A Voz do Profeta

by offarinha

Para quem não tiver disponibilidade, ou pachorra, para seguir os noticiários do próximo fim de semana, aqui antecipamos o essencial. No sábado:

  • tratou-se da maior manifestação de sempre, ou quase igual à maior manifestação de sempre, ou uma manifestação imensa semelhante a outras grandiosas manifestações igualmente grandiosas;
  •  protestaram e indignaram-se dezenas de milhares de pessoas, ou várias dezenas de milhares de pessoas, ou muitas dezenas de milhares de pessoas, ou mais de uma, ou duas, ou três, centenas de milhares de pessoas. Tanto faz, o que interessa é que estamos perante uma hiper, mega, maior que a maior (ufa!) demonstração de todas as demonstrações de indignação;
  • estiveram pessoas de todos os quadrantes ideológicos, embora só sejam entrevistadas sempre as mesmas e sempre dos mesmos quadrantes ideológicos. Subentende-se que as outras estavam clandestinas;
  • os repórteres são meta-manifestantes, ou seja, alguém que está lá com a função de amplificar a manifestação de que são (meta-) participantes;
  • o tom é muito emotivo e sentimental; há muitos casos pessoais (e/ou de familiares próximos,  conhecidos, amigos e colegas) dramáticos, entre o realismo socialista e o «Marcelino, pão e vinho». As questões andam à volta «do que sente?», «quais são as suas emoções?». Qualquer pergunta que introduza um módulo de racionalidade em torno de questões políticas e económicas objectivas é, obviamente, despropositada e descabida neste evento dominado pelo pathos;
  • aos desacatos que ocorreram posteriormente são absolutamente (sublinhado forte) alheios os ordeiros organizadores e manifestantes. Isto, apesar de se identificarem, entre os tipos que incendiaram, destruiram e apedrejaram, uns colaboradores da CGTP/PCP e uns assessores do BE. É claro que a polícia, quando tentou limitar os desacatos (não se tratou sequer de os impedir, travar ou reprimir) terá usado – antes mesmo de a usar – de uma força desproporcionada. Daqui a uns dias, os tais que são alheios à violência interpelarão seja quem for sobre a inusitada repressão;
  • os comentadores de serviço comovem-se com tudo isto, desculpam tudo o que tiver de ser desculpado, legitimam tudo e mais alguma coisa com os conceitos da filosofia política que eles próprios engendraram, à pressa e com o inestimável contributo do Prof. Boaventura Sousa Santos, e demonstram, com razões lá muito deles, que o Governo, a troika, a UE, o universo inteiro, incompreensivelmente, não perceberam o que eles, e todos os esclarecidos manifestantes, perceberam e, generosamente, partilham com quem não os quer aturar;
  • contra todas es expectativas, o Sporting derrotou o FCPorto em Alvalade.

No domingo:

  • toda a gente – jornalistas e entrevistados (de preferência os mesmos) e comentadores da véspera – dizem exactamente o mesmo, mas noutro registo. Agora mais repousado, menos esganiçado. As tais questões que possam introduzir um módulo de racionalidade e de objectividade propositiva permanecem de fora;
  • o Prof. Marcelo manifesta-se muito compreensivo (excitadinho, vagamente frenético e com a gosma habitual) com as razões dos manifestantes. Acerca de tudo o mais (seja o que for) entende que sim, embora, noutra perspectiva, seja talvez e, ainda noutra, igualmente recomendável, seja nunca em qualquer caso.  A questão do Governo, do PR, do PS, da Europa, do mundo e da D. Judite é um problema de comunicação. Graças a Deus, para Ele e para todos nós, que esta questão não o afecta a si próprio;
  • o Benfica venceu folgadamente em Aveiro.
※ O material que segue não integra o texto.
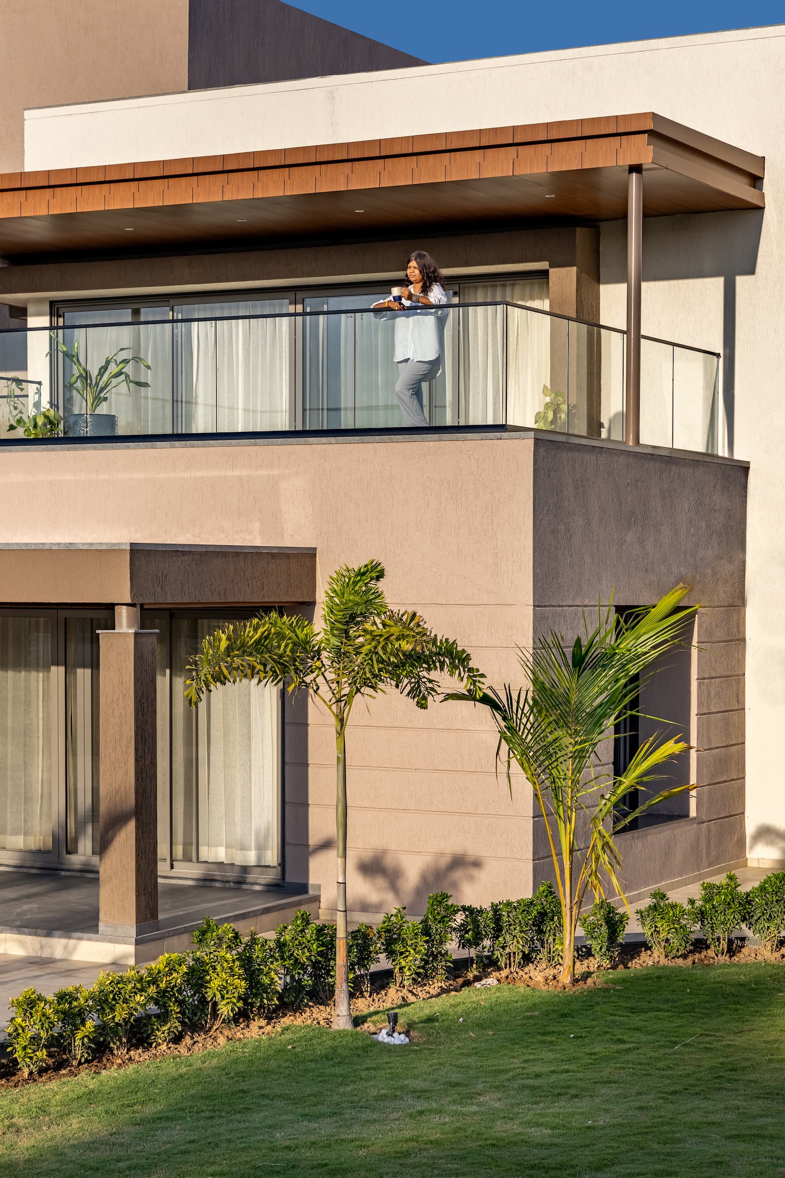 A beautifully landscaped lawn, a major focal point, provides a charming space for entertaining guests. At sunset, this area transforms into a mesmerising retreat, earning the house its name. The structure itself is a harmonious blend of neat, vertical lines and horizontal projections, lending it a pleasing character that captivates the eye.

Apostila – Quase todas as profecias deste post são uma brincadeira despropositada e sem sentido. Decerto não se verificarão, muito menos do modo como a Voz do Profeta as antecipa. As duas únicas excepções, que correspondem ao critério do nosso jornalismo, a saber, a realidade que relatamos é aquela que espelha e reproduz  os nossos desejos e expectativas, são as duas notícias desportivas. Seguindo esse critério, a de domingo é muito mais credível que a de sábado.